Your answer should hold the data exactly as given, minus any picture.

##### DATA SHOWN

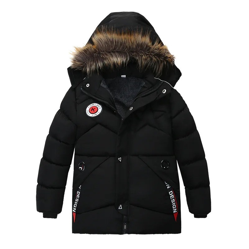 Zimná chlapecká bunda s kapucňou s kožuchom Teplá prešívaná bunda na zips a patentky Jesenné a zimné oblečenie Bavlna a polyester
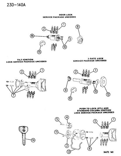MoparPartsGiant.com offers the wholesale prices for genuine 1994 Jeep Cherokee parts. Parts like Double Bitted Lock Cylinder Repair Components are shipped directly from authorized Mopar dealers and backed by the manufacturer's warranty. Parts fit for the following vehicle options. Engine: 4 Cyl 2.5L, 6 Cyl 4.0L. Transmission: 3-Speed Automatic Transmission, 4-Speed Automatic Transmission, 5-Speed Manual Transmission.
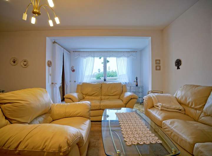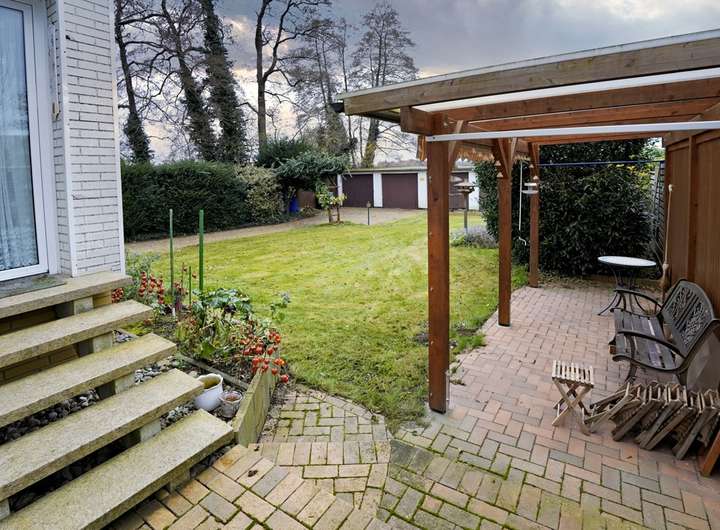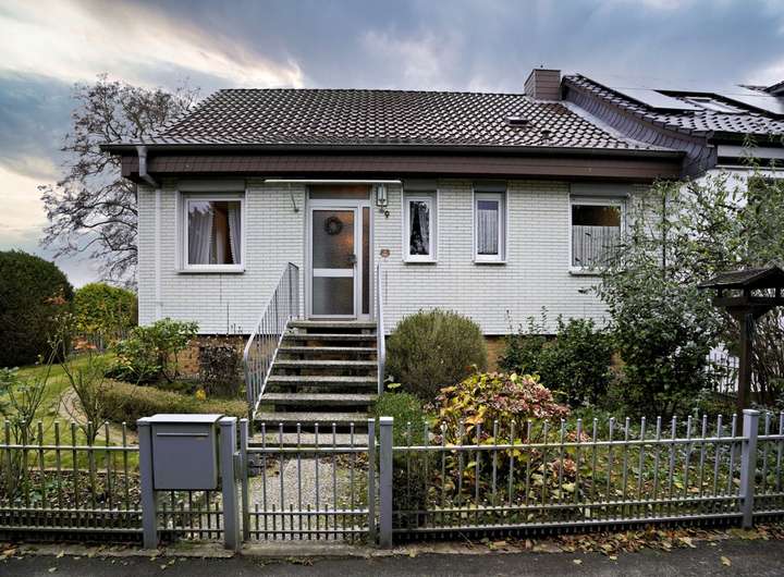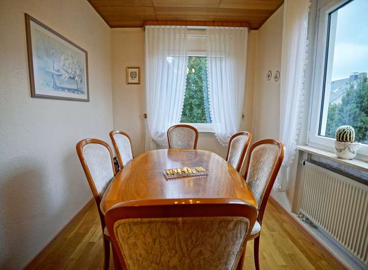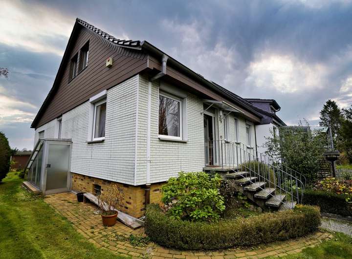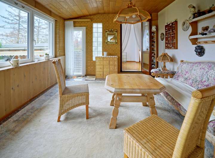 Auf einem großzügigen Grundstück von ca. 647 m² erstreckt sich dieses charmante Haus über zwei Etagen und bietet eine Wohnfläche von ca. 118,5 m² - zusammen mit der überbauten Terrasse. Mit insgesamt 5 Zimmern, darunter 3 Schlafzimmer, 1 Wohnzimmer sowie 1 Esszimmer finden hier sowohl Familien als auch Paare genügend Raum für individuelle Gestaltungsmöglichkeiten. Zudem gibt es einen geräumigen Wintergarten - von hier gelangen Sie dann in den Garten mit Feldblick.

##########

## RESULT FOR THIS EXERCISE
 Zimná chlapecká bunda s kapucňou s kožuchom Teplá prešívaná bunda na zips a patentky Jesenné a zimné oblečenie Bavlna a polyester
MoparPartsGiant.com offers the wholesale prices for genuine 1994 Jeep Cherokee parts. Parts like Double Bitted Lock Cylinder Repair Components are shipped directly from authorized Mopar dealers and backed by the manufacturer's warranty. Parts fit for the following vehicle options. Engine: 4 Cyl 2.5L, 6 Cyl 4.0L. Transmission: 3-Speed Automatic Transmission, 4-Speed Automatic Transmission, 5-Speed Manual Transmission.
 Auf einem großzügigen Grundstück von ca. 647 m² erstreckt sich dieses charmante Haus über zwei Etagen und bietet eine Wohnfläche von ca. 118,5 m² - zusammen mit der überbauten Terrasse. Mit insgesamt 5 Zimmern, darunter 3 Schlafzimmer, 1 Wohnzimmer sowie 1 Esszimmer finden hier sowohl Familien als auch Paare genügend Raum für individuelle Gestaltungsmöglichkeiten. Zudem gibt es einen geräumigen Wintergarten - von hier gelangen Sie dann in den Garten mit Feldblick.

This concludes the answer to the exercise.